Continuing, but not completing, our exploration of classical music inspired by the Moon, we have a work that I have been waffling on whether or not to include…because it is not inspired by the Moon, even though it always shows up on such lists because it’s one of the heavy-hitters when it comes to “Moon music”. It’s one of the most famous pieces in all of classical music, to be honest. It is Ludwig van Beethoven’s Piano Sonata no. 14 in C-sharp minor, almost always called “the Moonlight Sonata”.

Why on Earth would I possibly exclude the Moonlight Sonata from a featured list of music inspired by the moon? Because there is no evidence at all that Beethoven was ever inspired by the moon when writing it. He didn’t name it “Moonlight”, after all; a poet named Ludwig Rellstab offered the appellation Moonlight Sonata in 1832, after Beethoven was already dead. For Beethoven, who didn’t do much with so-called “program music”, it’s doubtful that he had any particular scene or inspiration in mind for the sonata at all. He may have heard the comparison of the sonata to “moonlight” prior to his death, but that’s a tall order and isn’t supported by any actual evidence.

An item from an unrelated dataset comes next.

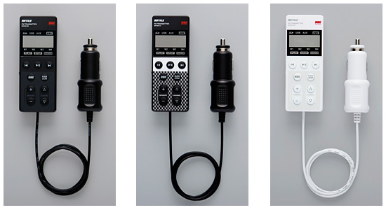 また、USB給電ポート付きで、iPodやウォークマンを充電しながら音楽を楽しむことができる。送信周波数は76.0-90.0MHz。車の電源は12Vに対応し、シガーソケットから給電する。カラーはブラック、カーボン、ホワイトの3色。

We’re also left with the work’s three-movement structure, typical for piano sonatas. If the whole sonata is called the Moonlight Sonata, does that mean that all three movements are to be taken as redolent of moonlight? I don’t know. The first movement, which breaks with sonata tradition in being slow and lyrical (usually the opening movements are the fast ones), is the best candidate for “moonlight”…but then there’s the second movement, a gentle and lilting minuet in triple time, which might also suggest moonlight in its graceful tones. And the third movement, which is stormy and even violent? Well, who knows…perhaps it’s the kind of moon that shines on a windy night at sea, or something like that.

All of this isn’t much of an exercise, anyway. Many musicians hate the idea of attaching extra-musical “meanings” to music that is inherently abstract, anyway, and if Beethoven had any particular point in mind, he surely would have written it in the margins of the manuscript. Or…maybe he wouldn’t. Beethoven was one of humanity’s towering artistic geniuses, clearly, but at the same time he was also a pretty strange man.

In the end, we’re left with the music. Is it really “moon music”? Maybe, maybe not. I lean toward “not”…but because of that name, we can’t really totally exclude it, either. As the founder of Gramophone, Compton Mackenzie, once said, “(W)hat these austere critics fail to grasp is that unless the general public had responded to the suggestion of moonlight in this music Rellstab’s remark would long ago have been forgotten.”

Here is the Piano Sonata no. 14 in C-sharp minor, “Moonlight”, by Ludwig van Beethoven.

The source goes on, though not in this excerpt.